Prince Harry appears to take another jab at Royal family
Prince Harry has claimed he did not have a support network after his return from serving in Afghanistan in another apparent swipe at the Royal Family.
The Duke of Sussex made the comments in his new Heart Of Invictus series which was launched on Netflix today.
The five-part documentary features Prince Harry with his wife Meghan Markle appearing only briefly in several scenes to support him.
In the series, Harry also disclosed that he was not aware of the trauma he still had from his mother Princess Diana dying in Paris in August 1997 when he was aged just 12.
Prince Harry said that when he returned from war in 2008, the ‘biggest struggle for me was no one around me really could help’, adding: ‘I didn’t have that support structure, that network or that expert advice to identify what was actually going on with me.’
He also told the show: ‘Unfortunately, like most of us, the first time you consider therapy is when you are lying on the floor in the foetal position probably wishing you had dealt with some of this stuff previously. And that’s what I really want to change.’
In the Sussexes’ latest project as part of their £80million deal with Netflix, Harry introduces himself as a father of two, dog owner and husband.
The Duke of Sussex is asked by an interviewer: ‘What’s your name?’, and he replies: ‘My name’s Harry.’ The interviewer then says: ‘What do you do, Harry?’
He replies: ‘What do I do? On any given day? I’m a dad of two under-three-year-olds, got a couple of dogs, husband, I’m founding patron of Invictus Games Foundation. There’s lots of hats that one wears, but I believe today is all about Invictus.’
Also in the documentary, Harry and Meghan were seen in a private moment together before a speech at the Salute to Freedom Gala for military veterans in New York in November 2021, in which the duke can be heard confiding in the duchess about his nerves.
Harry is heard saying: ‘We haven’t done this for a while… My heart [is] like “digidigadigadiga”‘. He paces around nervously backstage.
He also spoke in a segment about post-traumatic stress disorder (PTSD) and trauma in warzones, giving insight into his own experiences.
He says: ‘Look, I can only speak to my own experience but from my tour of Afghanistan in 2012, flying Apaches, somewhere after that there was an unravelling.
‘And the trigger for me was actually returning from Afghanistan but the stuff that was coming up was from 1997 from the age of 12. Losing my mum at such a young age, the trauma I had I was never aware of.
‘It was never discussed and I didn’t really talk about it and I suppressed it like most other youngsters would have done. When it all came fizzing out, I was bouncing off the walls – what is going on here? – I am now feeling everything instead of being young.
‘The biggest struggle for me was no one around me really could help. I didn’t have that support structure, that network or that expert advice to identify what was actually going on with me.
‘Unfortunately, like most of us, the first time you consider therapy is when you are lying on the floor in the foetal position probably wishing you had dealt with some of this stuff previously. And that’s what I really want to change.’
Harry also speaks about trauma to Canadian indoor rower Darrell Ling, who tells him: ‘I’m glad you’ve been through this stuff and know how we feel.’
The duke then says: ‘I can’t pretend to know what you’ve been through, but I had that moment in my life where I didn’t know about it but because of the trauma of losing my mum when I was 12, for all those years, I had no emotion, I was unable to cry, I was unable to feel.

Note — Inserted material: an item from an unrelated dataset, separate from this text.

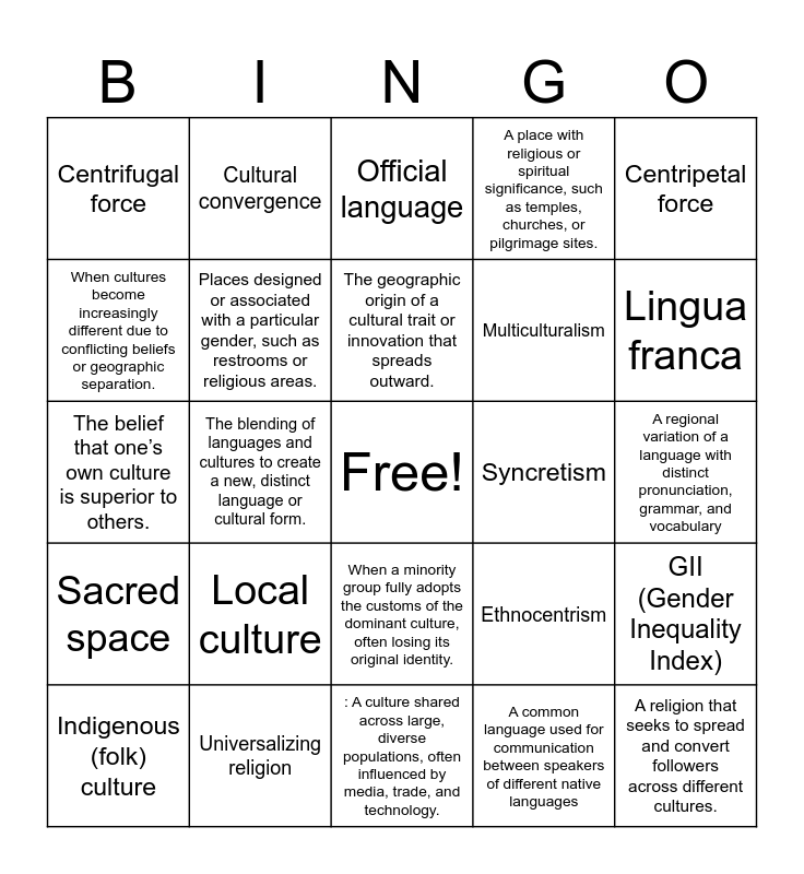 This bingo card has a free space and 25 words: Local culture, : A culture shared across large, diverse populations, often influenced by media, trade, and technology., The geographic origin of a cultural trait or innovation that spreads outward., Indigenous (folk) culture, Centripetal force, Centrifugal force, When cultures become increasingly different due to conflicting beliefs or geographic separation., Cultural convergence, Syncretism, When a minority group fully adopts the customs of the dominant culture, often losing its original identity., Multiculturalism, The belief that one’s own culture is superior to others., Ethnocentrism, GII (Gender Inequality Index), Places designed or associated with a particular gender, such as restrooms or religious areas., Language tree, A regional variation of a language with distinct pronunciation, grammar, and vocabulary, Official language, Lingua franca, The blending of languages and cultures to create a new, distinct language or cultural form., A religion that seeks to spread and convert followers across different cultures., Universalizing religion, Sacred space, A place with religious or spiritual significance, such as temples, churches, or pilgrimage sites. and A common language used for communication between speakers of different native languages.

‘I didn’t know it at the time. And it wasn’t until later in my life aged 28 there was a circumstance that happened that the first few bubbles started coming out and then suddenly it was like someone shook and it went “poof” – and then it was chaos.
‘My emotions were sprayed all over the wall everywhere I went and I was like “how the hell do I contain this?”. I’ve gone from nothing to everything and I now need to get a glass jar and put myself in it, put myself in it, leave the lid open and my therapist said “you choose what comes in and everything else bounces off”.’
Army veteran Harry – who undertook two tours of Afghanistan, with one from 2007 to 2008 and the other from 2012 to 2013 – also discusses how he never wanted to serve in the Armed Forces after he had children.
The Duke, who is father to Prince Archie and Princess Lilibet, tells former Invictus competitors JJ Chalmers and David Wiseman during a hike: ‘I’ve always had myself down as being the dad that I could never be serving while having kids. And you both did, right? It’s never the individual signing up – it’s the whole family signing up.’